As for Jamaica’s lucrative North Coast tourism trade, he said this would have been wiped out entirely.
Looking back at that week of unprecedented crisis, Opposition Leader Edward Seaga told the Sunday Observer that he was relieved that it was handled “properly and delicately”.
That was an important instance, he said, in which “there was no trigger-happy response, having regard to the outcome that any other action might have sparked. Diplomacy eventually was the mode of dialogue used rather than aggression and it paid off”.
The circumstances, Seaga said, dictated the course of diplomacy. “Sometimes that is the course that you take, sometimes a different type of action is required.”

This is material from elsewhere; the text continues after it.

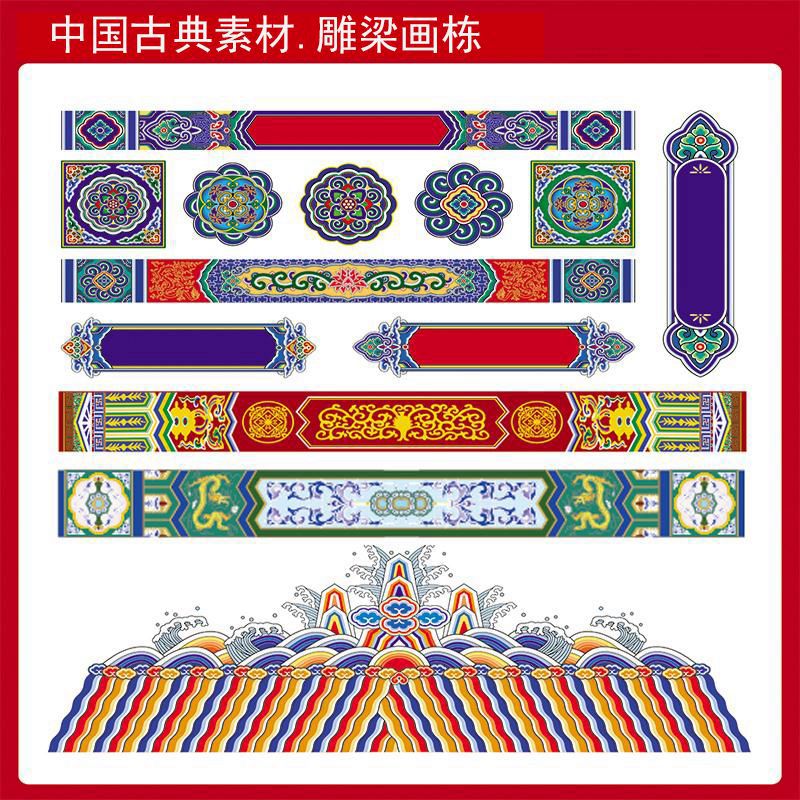 房梁横梁壁纸古建筑墙纸吊顶皇宫花纹祠堂彩绘布高清壁画定制 - 千景艺术壁画

While that momentous week — October 22 to 28 — was one of high tension for the world and held untold dangers for Jamaica, it was, by many accounts, quite normal times in Jamaica in many respects.

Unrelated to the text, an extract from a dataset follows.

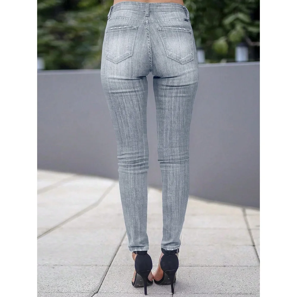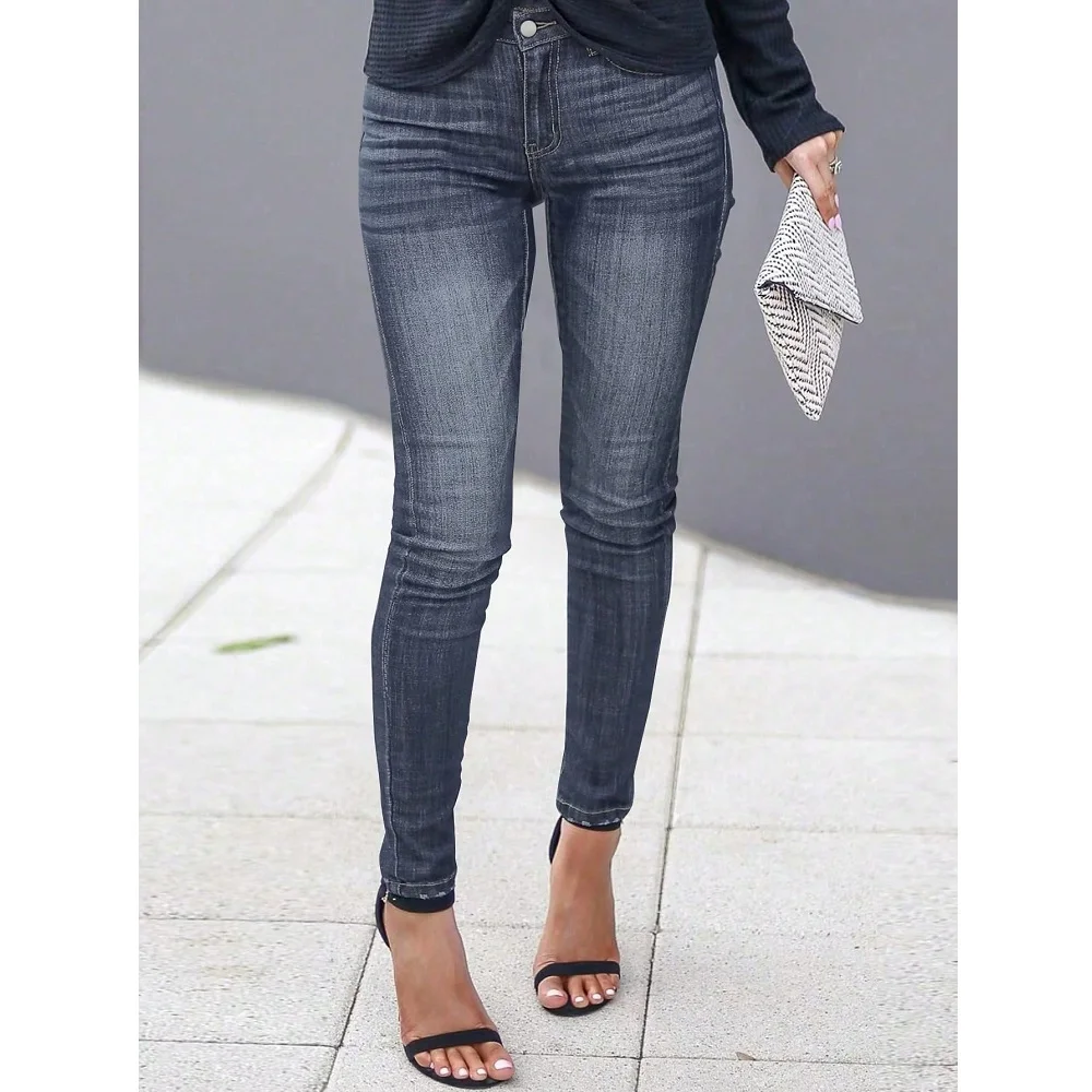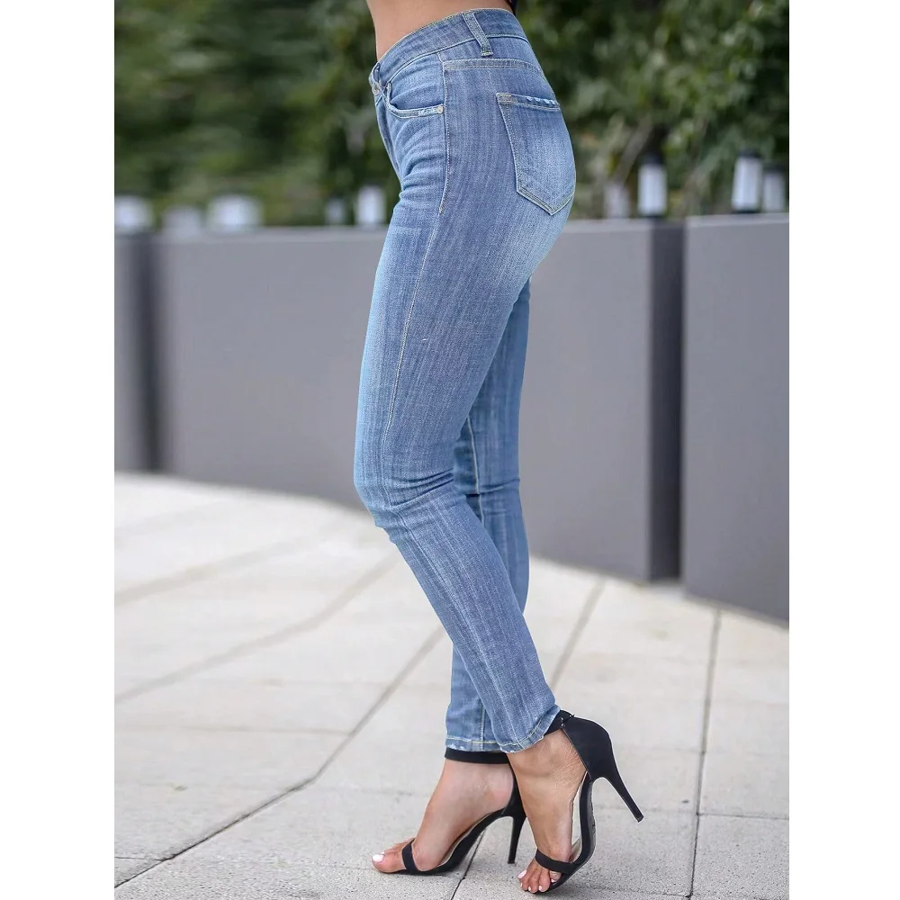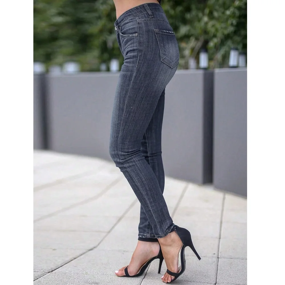 Mulheres mais novo magro estiramento jeans cor sólida magro lápis calças senhoras comprimento total denim jeans

On the political front, Senator Hugh Shearer, Leader of Government Business in the Upper House, was accusing the Opposition People’s National Party of setting up a spy network in the government system, a charge strongly denied by Opposition Leader Norman Manley who threatened to take legal action in response.
Manley himself was calling for a probe into the Woolens Industry affair, while the JLP, in a print ad announcing a political meeting in Half-Way-Tree, gave as the subject of the meeting: ‘Scandals of the PNP government and achievements of the JLP government’.
“You can’t get any more normal than that in Jamaica,” chuckled one noted political analyst.